De Rita Cassia Freitas: “Mas o nosso SuperEgo não é parte da gente?“
Francisco Daudt: Por certo que é. Mas nós somos um só que não é um só, e sim uma soma complexa de componentes interagindo. Quando você diz “meu joelho está doendo”, você o observa como um componente que não “é você”, mas “uma coisa em você”.
Esse “não é você”, traduzido para os softwares mentais que possuímos, dá em “não é o seu Eu”. “Eu não me confundo com esse joelho doendo, Eu não sou assim!”
Quando Freud propôs esse mapa da mente (Ego, Id e Superego - Eu, Algo em mim, O Acima de mim), ele o via como partes separadas e em constante interação. Ele viu o Eu como essa pessoa em quem nos reconhecemos, que tenta gerenciar e negociar, mediando nossos desejos de prazer com as exigências do mundo externo.
Eu tento sublinhar essas diferenças: quando me sinto culpado de algo, penso que o Superego está me dizendo que Eu sou uma pessoa horrível. Se percebo a acusação “terceirizada”, se ela me dói como o joelho, então posso discutir se ela é justa ou não. Se eu aprendi que a acusação vinda do Superego tem como base as leis tirânicas do senso comum, a minha busca por justiça fica facilitada.
Agora, se eu confundo tudo, achando que essas vozes são minhas, do meu Eu, e que Eu sou uma coisa só, perde-se um precioso instrumento de justiça: o conhecimento de onde vem a lei e de quem acusa.

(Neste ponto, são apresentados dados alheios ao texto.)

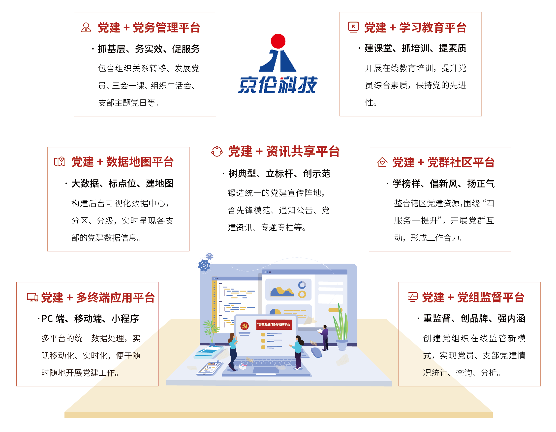 “智慧党建”服务管理平台的“1+6”体系,由1个资讯共享平台搭配6个应用服务平台建立。即汇集党建活动、先锋模范、通知公告、专题专栏等资讯的一个资讯共享平台,搭配“党务管理”、“学习教育”、“数据地图”、“党群社区”、“党组监督”、“多终端应用”六个应用服务平台,构建强大的“1+6”党建宣传阵地及多元化服务平台,创建多点信息交流沟通、数据协同、资源信息共享的智慧党建工作新方式。

O Superego é malandro, ele nos seduz a crer que somos ele: fodões com superioridade moral, melhores do que todos, críticos do mundo. Só que essa crença é uma faca de dois gumes: passamos facilmente de fodões a merdas, quando ele nos humilha. E continuamos a acreditar que “isso tudo sou Eu”…
“O truque mais esperto do Diabo é convencer-nos de que ele não existe”, disse Baudelaire (1821-1867).